EXERCISE DETAILS.
Each record needs to be echoed exactly; can you do that?

(Beginning of PROVIDED DATA)

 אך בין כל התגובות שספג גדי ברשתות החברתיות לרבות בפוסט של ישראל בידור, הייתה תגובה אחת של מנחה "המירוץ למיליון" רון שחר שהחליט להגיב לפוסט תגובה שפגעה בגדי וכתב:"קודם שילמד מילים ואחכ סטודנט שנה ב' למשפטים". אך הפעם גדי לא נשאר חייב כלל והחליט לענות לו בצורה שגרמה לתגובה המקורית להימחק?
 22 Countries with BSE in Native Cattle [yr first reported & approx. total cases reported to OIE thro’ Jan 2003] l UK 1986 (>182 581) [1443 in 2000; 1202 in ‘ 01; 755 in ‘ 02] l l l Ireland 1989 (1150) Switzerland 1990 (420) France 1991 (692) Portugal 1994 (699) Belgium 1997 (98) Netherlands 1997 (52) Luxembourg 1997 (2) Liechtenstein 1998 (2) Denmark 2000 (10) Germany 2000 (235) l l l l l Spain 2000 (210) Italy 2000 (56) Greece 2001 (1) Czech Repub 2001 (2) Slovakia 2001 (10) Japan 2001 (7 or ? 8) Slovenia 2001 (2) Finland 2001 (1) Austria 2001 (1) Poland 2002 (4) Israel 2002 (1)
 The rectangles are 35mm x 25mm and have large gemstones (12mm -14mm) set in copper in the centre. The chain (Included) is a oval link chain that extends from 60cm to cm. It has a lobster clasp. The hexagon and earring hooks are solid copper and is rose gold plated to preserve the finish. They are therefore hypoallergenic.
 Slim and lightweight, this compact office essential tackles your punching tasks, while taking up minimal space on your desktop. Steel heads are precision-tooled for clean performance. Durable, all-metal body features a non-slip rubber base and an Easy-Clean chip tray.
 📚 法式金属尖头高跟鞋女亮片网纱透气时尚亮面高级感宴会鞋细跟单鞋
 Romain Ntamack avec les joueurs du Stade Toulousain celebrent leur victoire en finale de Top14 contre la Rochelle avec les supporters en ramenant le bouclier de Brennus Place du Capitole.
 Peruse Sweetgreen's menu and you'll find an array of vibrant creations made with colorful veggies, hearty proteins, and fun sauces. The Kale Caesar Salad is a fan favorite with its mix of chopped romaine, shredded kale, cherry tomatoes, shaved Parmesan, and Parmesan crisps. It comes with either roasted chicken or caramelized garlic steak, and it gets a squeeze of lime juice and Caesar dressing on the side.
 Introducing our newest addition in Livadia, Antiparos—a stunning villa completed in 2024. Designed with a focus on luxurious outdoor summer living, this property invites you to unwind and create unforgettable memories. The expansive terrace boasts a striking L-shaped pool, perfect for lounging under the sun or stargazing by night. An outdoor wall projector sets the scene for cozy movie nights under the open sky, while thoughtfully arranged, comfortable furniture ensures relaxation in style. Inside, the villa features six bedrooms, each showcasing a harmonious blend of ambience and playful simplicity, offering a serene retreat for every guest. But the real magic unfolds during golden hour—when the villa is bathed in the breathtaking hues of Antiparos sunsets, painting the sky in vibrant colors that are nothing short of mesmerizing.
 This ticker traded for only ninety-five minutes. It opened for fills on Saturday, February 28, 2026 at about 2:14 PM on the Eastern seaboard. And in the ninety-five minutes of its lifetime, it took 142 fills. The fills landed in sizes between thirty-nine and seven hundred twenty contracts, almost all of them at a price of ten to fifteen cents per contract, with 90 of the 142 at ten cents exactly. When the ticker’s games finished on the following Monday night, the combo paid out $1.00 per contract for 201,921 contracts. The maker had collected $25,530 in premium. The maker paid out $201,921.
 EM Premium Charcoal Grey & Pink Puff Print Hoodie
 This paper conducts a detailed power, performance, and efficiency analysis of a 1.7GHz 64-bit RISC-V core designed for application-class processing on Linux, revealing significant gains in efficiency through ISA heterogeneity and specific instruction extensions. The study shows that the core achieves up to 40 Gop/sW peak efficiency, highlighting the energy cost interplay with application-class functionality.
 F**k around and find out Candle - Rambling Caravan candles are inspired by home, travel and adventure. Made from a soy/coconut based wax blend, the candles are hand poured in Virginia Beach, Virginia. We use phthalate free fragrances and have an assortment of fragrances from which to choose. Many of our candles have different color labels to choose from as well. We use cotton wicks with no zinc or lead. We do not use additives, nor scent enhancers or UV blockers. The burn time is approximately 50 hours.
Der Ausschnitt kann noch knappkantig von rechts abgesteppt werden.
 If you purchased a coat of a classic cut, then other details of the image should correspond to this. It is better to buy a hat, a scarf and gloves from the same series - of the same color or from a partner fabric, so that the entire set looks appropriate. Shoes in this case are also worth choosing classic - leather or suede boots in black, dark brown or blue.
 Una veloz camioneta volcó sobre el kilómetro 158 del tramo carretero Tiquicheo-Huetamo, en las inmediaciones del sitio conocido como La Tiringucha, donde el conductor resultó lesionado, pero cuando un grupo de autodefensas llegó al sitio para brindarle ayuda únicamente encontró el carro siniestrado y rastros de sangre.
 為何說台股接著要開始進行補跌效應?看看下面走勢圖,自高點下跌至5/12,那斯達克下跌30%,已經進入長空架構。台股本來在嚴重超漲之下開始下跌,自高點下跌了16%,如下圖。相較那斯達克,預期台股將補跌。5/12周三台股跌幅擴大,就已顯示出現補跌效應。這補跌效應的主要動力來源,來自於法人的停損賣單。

(End of PROVIDED DATA)

EXERCISE ANSWER.
 אך בין כל התגובות שספג גדי ברשתות החברתיות לרבות בפוסט של ישראל בידור, הייתה תגובה אחת של מנחה "המירוץ למיליון" רון שחר שהחליט להגיב לפוסט תגובה שפגעה בגדי וכתב:"קודם שילמד מילים ואחכ סטודנט שנה ב' למשפטים". אך הפעם גדי לא נשאר חייב כלל והחליט לענות לו בצורה שגרמה לתגובה המקורית להימחק?
 22 Countries with BSE in Native Cattle [yr first reported & approx. total cases reported to OIE thro’ Jan 2003] l UK 1986 (>182 581) [1443 in 2000; 1202 in ‘ 01; 755 in ‘ 02] l l l Ireland 1989 (1150) Switzerland 1990 (420) France 1991 (692) Portugal 1994 (699) Belgium 1997 (98) Netherlands 1997 (52) Luxembourg 1997 (2) Liechtenstein 1998 (2) Denmark 2000 (10) Germany 2000 (235) l l l l l Spain 2000 (210) Italy 2000 (56) Greece 2001 (1) Czech Repub 2001 (2) Slovakia 2001 (10) Japan 2001 (7 or ? 8) Slovenia 2001 (2) Finland 2001 (1) Austria 2001 (1) Poland 2002 (4) Israel 2002 (1)
 The rectangles are 35mm x 25mm and have large gemstones (12mm -14mm) set in copper in the centre. The chain (Included) is a oval link chain that extends from 60cm to cm. It has a lobster clasp. The hexagon and earring hooks are solid copper and is rose gold plated to preserve the finish. They are therefore hypoallergenic.
 Slim and lightweight, this compact office essential tackles your punching tasks, while taking up minimal space on your desktop. Steel heads are precision-tooled for clean performance. Durable, all-metal body features a non-slip rubber base and an Easy-Clean chip tray.
 📚 法式金属尖头高跟鞋女亮片网纱透气时尚亮面高级感宴会鞋细跟单鞋
 Romain Ntamack avec les joueurs du Stade Toulousain celebrent leur victoire en finale de Top14 contre la Rochelle avec les supporters en ramenant le bouclier de Brennus Place du Capitole.
 Peruse Sweetgreen's menu and you'll find an array of vibrant creations made with colorful veggies, hearty proteins, and fun sauces. The Kale Caesar Salad is a fan favorite with its mix of chopped romaine, shredded kale, cherry tomatoes, shaved Parmesan, and Parmesan crisps. It comes with either roasted chicken or caramelized garlic steak, and it gets a squeeze of lime juice and Caesar dressing on the side.
 Introducing our newest addition in Livadia, Antiparos—a stunning villa completed in 2024. Designed with a focus on luxurious outdoor summer living, this property invites you to unwind and create unforgettable memories. The expansive terrace boasts a striking L-shaped pool, perfect for lounging under the sun or stargazing by night. An outdoor wall projector sets the scene for cozy movie nights under the open sky, while thoughtfully arranged, comfortable furniture ensures relaxation in style. Inside, the villa features six bedrooms, each showcasing a harmonious blend of ambience and playful simplicity, offering a serene retreat for every guest. But the real magic unfolds during golden hour—when the villa is bathed in the breathtaking hues of Antiparos sunsets, painting the sky in vibrant colors that are nothing short of mesmerizing.
 This ticker traded for only ninety-five minutes. It opened for fills on Saturday, February 28, 2026 at about 2:14 PM on the Eastern seaboard. And in the ninety-five minutes of its lifetime, it took 142 fills. The fills landed in sizes between thirty-nine and seven hundred twenty contracts, almost all of them at a price of ten to fifteen cents per contract, with 90 of the 142 at ten cents exactly. When the ticker’s games finished on the following Monday night, the combo paid out $1.00 per contract for 201,921 contracts. The maker had collected $25,530 in premium. The maker paid out $201,921.
 EM Premium Charcoal Grey & Pink Puff Print Hoodie
 This paper conducts a detailed power, performance, and efficiency analysis of a 1.7GHz 64-bit RISC-V core designed for application-class processing on Linux, revealing significant gains in efficiency through ISA heterogeneity and specific instruction extensions. The study shows that the core achieves up to 40 Gop/sW peak efficiency, highlighting the energy cost interplay with application-class functionality.
 F**k around and find out Candle - Rambling Caravan candles are inspired by home, travel and adventure. Made from a soy/coconut based wax blend, the candles are hand poured in Virginia Beach, Virginia. We use phthalate free fragrances and have an assortment of fragrances from which to choose. Many of our candles have different color labels to choose from as well. We use cotton wicks with no zinc or lead. We do not use additives, nor scent enhancers or UV blockers. The burn time is approximately 50 hours.
Der Ausschnitt kann noch knappkantig von rechts abgesteppt werden.
 If you purchased a coat of a classic cut, then other details of the image should correspond to this. It is better to buy a hat, a scarf and gloves from the same series - of the same color or from a partner fabric, so that the entire set looks appropriate. Shoes in this case are also worth choosing classic - leather or suede boots in black, dark brown or blue.
 Una veloz camioneta volcó sobre el kilómetro 158 del tramo carretero Tiquicheo-Huetamo, en las inmediaciones del sitio conocido como La Tiringucha, donde el conductor resultó lesionado, pero cuando un grupo de autodefensas llegó al sitio para brindarle ayuda únicamente encontró el carro siniestrado y rastros de sangre.
 為何說台股接著要開始進行補跌效應?看看下面走勢圖,自高點下跌至5/12,那斯達克下跌30%,已經進入長空架構。台股本來在嚴重超漲之下開始下跌,自高點下跌了16%,如下圖。相較那斯達克,預期台股將補跌。5/12周三台股跌幅擴大,就已顯示出現補跌效應。這補跌效應的主要動力來源,來自於法人的停損賣單。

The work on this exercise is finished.